1. All work is work.
Compensated or uncompensated, “blue-collar,” “white-collar,” or “no-collar,” unionized or non-unionized, documented or undocumented, legalized or criminalized, formal employment, barter, or self-reliance – all workers have the right to healthy, sustainable, dignified work.
2. All health is related to work.
Workers routinely experience on-the-job injuries that result from performing physically stressful job tasks. However, there are other ways to get “injured” on the job. Public health research and workers’ experiences demonstrate that work-related inputs have a direct and indirect impact on the health and well-being of workers, with risk factors including:
physical, psychological, and emotional stress
risks of unsafe work environments and conditions
inadequate protection against exploitation, discrimination, and harassment
inadequate access to collective bargaining, advocacy, and information on workers’ rights
inadequate compensation and wage theft
occupational and social hierarchies [cf. Whitehall studies]

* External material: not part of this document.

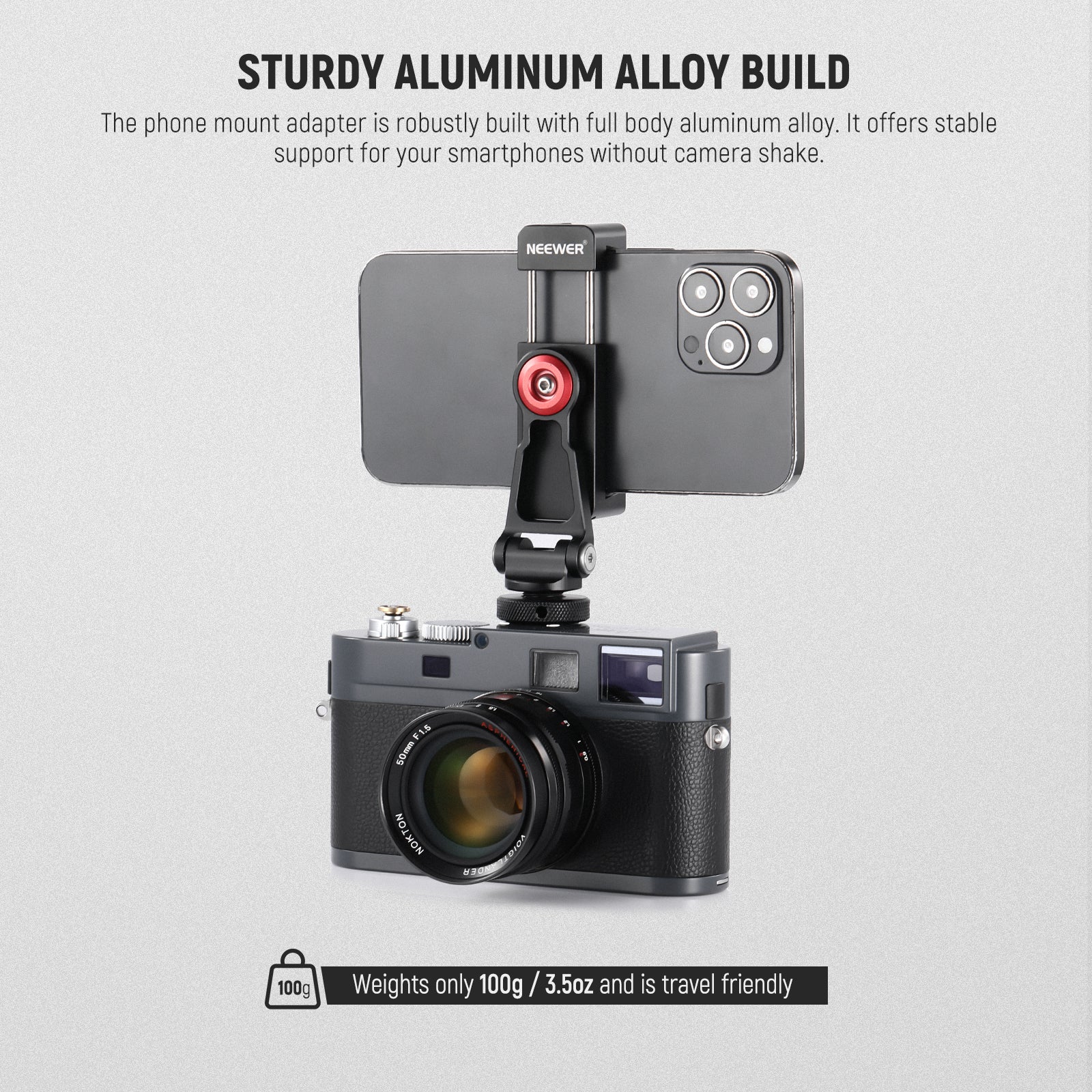 • Adaptateur de support pour téléphone hautement adaptable - Cet adaptateur métallique est doté d'une griffe porte-accessoires et d'un filetage 1/4" à sa base. Fixez-le sur un appareil photo grâce à la griffe porte-accessoires, ou connectez-le à un trépied ou un pied d'éclairage à l'aide d'une vis 1/4".

Work can also limit access to the other social determinants of health: education, housing, health care, a healthy environment, healthy food, strong community, and sense of stability, security, and satisfaction.
3. Because the health of workers extends far beyond immediate conditions on the “shop floor,” workers’ health is inseparable from public health.
Public health education and research should dedicate resources to investigate how the health of diverse populations is shaped by work conditions.
4. We believe that workers are in the best position to understand, address, and represent the issues of health and safety that affect them. Therefore, workers are a critical resource to the work of public health researchers and experts in occupational health and safety and can significantly contribute to this work.